**WHAT IS NEEDED:** Would you output the lines from the one containing "河南省郑州市巩义市2023-2024学年" through the final line of the entries, exactly and with pictures omitted?

=== LISTED ENTRIES ===

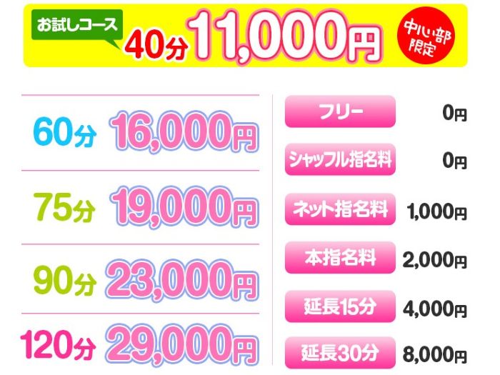 料金は40分11,000円〜と明確で、指名料などの追加料金もわかりやすいシステムになっています。
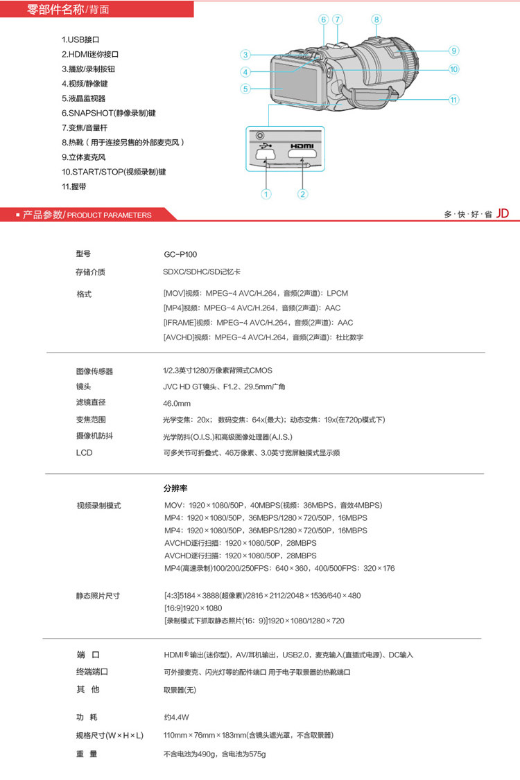 杰偉世攝像機 JVC GC-P100BAC 數(shù)碼攝像機 單位:臺
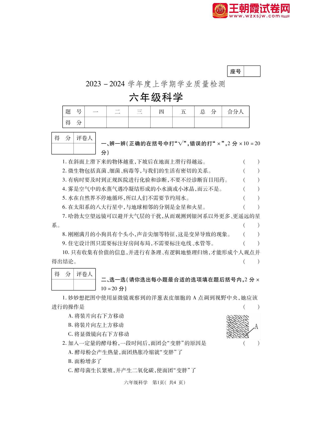 河南省郑州市巩义市2023-2024学年度上学期期末学业质量检测六年级科学(大象版)
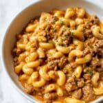 Keywords: Hamburger Helper, homemade, ground beef dinner, cheesy pasta, quick skillet meal
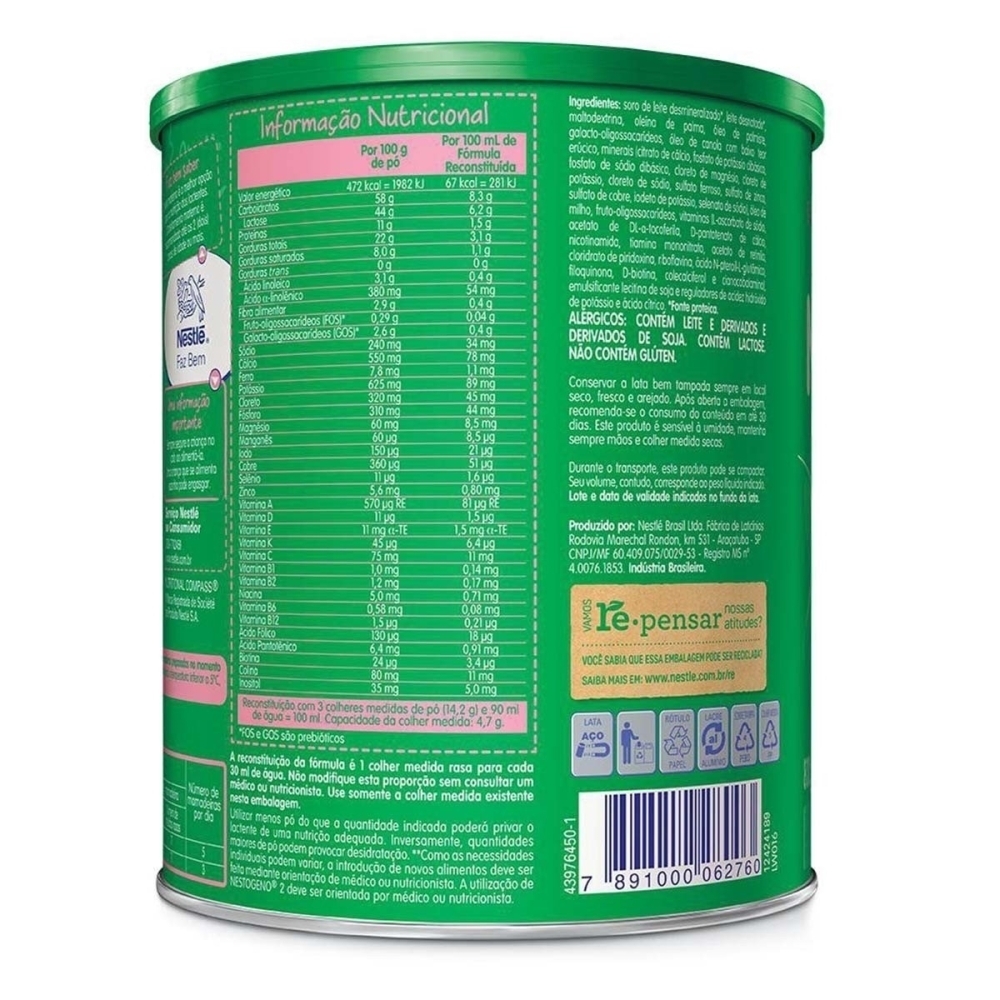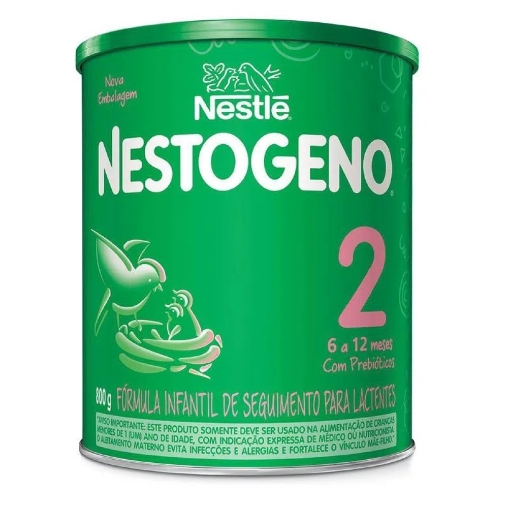 A Fórmula Infantil Nestlé Nestogeno 2 800 g é uma fórmula de seguimento para bebês de 6 a 12 meses, indicada quando o aleitamento materno não for possível ou precisar ser complementado, sempre com orientação do profissional de saúde. Possui preparo prático e rótulo com instruções claras para a diluição correta, atendendo à legislação vigente para fórmulas infantis.
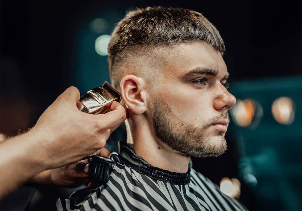 - Back and sides faded, tapered or clipped tight
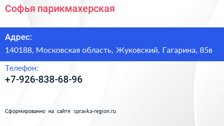 Софья, парикмахерская по адресу 140188, Московская область, Жуковский, Гагарина, 85в в дальнейшем Организация, размещена в следующих категориях:
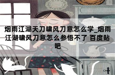 烟雨江湖天刀啸风刀意怎么学_烟雨江湖啸风刀意怎么参悟不了 百度贴吧
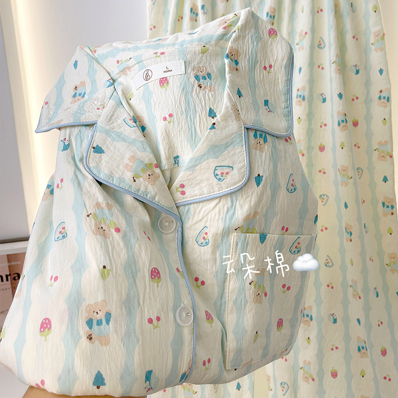 授乳中の妊婦向けクラウドコットン産褥服 出産を待つパジャマと着物セット 春夏薄いVは授乳時に屋外で着られます
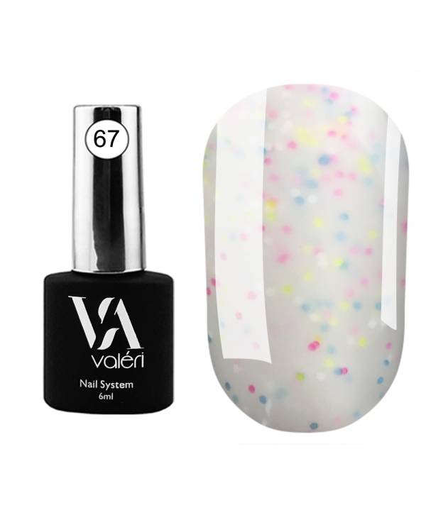 Колір: молочний з неоновими різнокольоровими точками. База вкрапленнями, середньої твердості, низькокислотна. Має самовирівнюючу структуру та гарно перекриває нігтьову пластину в одне нанесення. Не потребує додаткового опилу. Необхідна підложка із Rubber Base. Час полімеризації у UV/LED лампі 2х
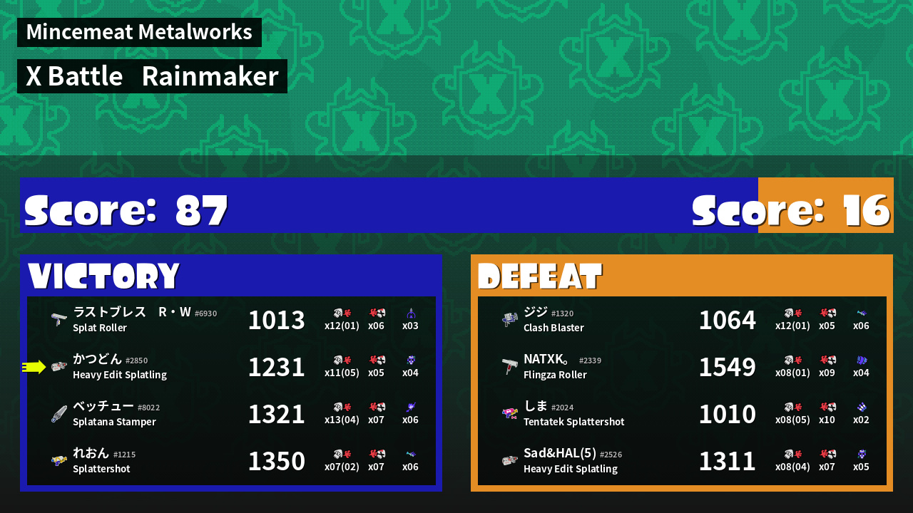 Kills / Deaths | 6 + 5 / 5 > Kill Ratio: 1.20 | ||
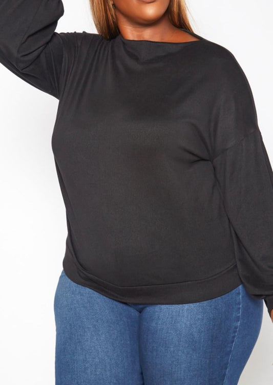 Hi Curvy Plus Size Basic Knit Long Sleeve Shirt
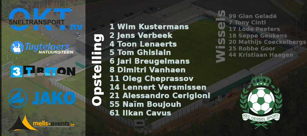 34′ DOELPUNT DESSEL! Een hoekschop van Boujouh wordt bij de eerste paal in een duel nog van richting veranderd, waardoor Belin de bal niet kan klemmen. Vanhaen staat vervolgens op de goede plek en trapt de rebound tegen de touwen!

===

**TASK ANSWER:**
 河南省郑州市巩义市2023-2024学年度上学期期末学业质量检测六年级科学(大象版)
 Keywords: Hamburger Helper, homemade, ground beef dinner, cheesy pasta, quick skillet meal
 A Fórmula Infantil Nestlé Nestogeno 2 800 g é uma fórmula de seguimento para bebês de 6 a 12 meses, indicada quando o aleitamento materno não for possível ou precisar ser complementado, sempre com orientação do profissional de saúde. Possui preparo prático e rótulo com instruções claras para a diluição correta, atendendo à legislação vigente para fórmulas infantis.
 - Back and sides faded, tapered or clipped tight
 Софья, парикмахерская по адресу 140188, Московская область, Жуковский, Гагарина, 85в в дальнейшем Организация, размещена в следующих категориях:
 烟雨江湖天刀啸风刀意怎么学_烟雨江湖啸风刀意怎么参悟不了 百度贴吧
 授乳中の妊婦向けクラウドコットン産褥服 出産を待つパジャマと着物セット 春夏薄いVは授乳時に屋外で着られます
 Колір: молочний з неоновими різнокольоровими точками. База вкрапленнями, середньої твердості, низькокислотна. Має самовирівнюючу структуру та гарно перекриває нігтьову пластину в одне нанесення. Не потребує додаткового опилу. Необхідна підложка із Rubber Base. Час полімеризації у UV/LED лампі 2х
 Kills / Deaths | 6 + 5 / 5 > Kill Ratio: 1.20 | ||
 Hi Curvy Plus Size Basic Knit Long Sleeve Shirt
 34′ DOELPUNT DESSEL! Een hoekschop van Boujouh wordt bij de eerste paal in een duel nog van richting veranderd, waardoor Belin de bal niet kan klemmen. Vanhaen staat vervolgens op de goede plek en trapt de rebound tegen de touwen!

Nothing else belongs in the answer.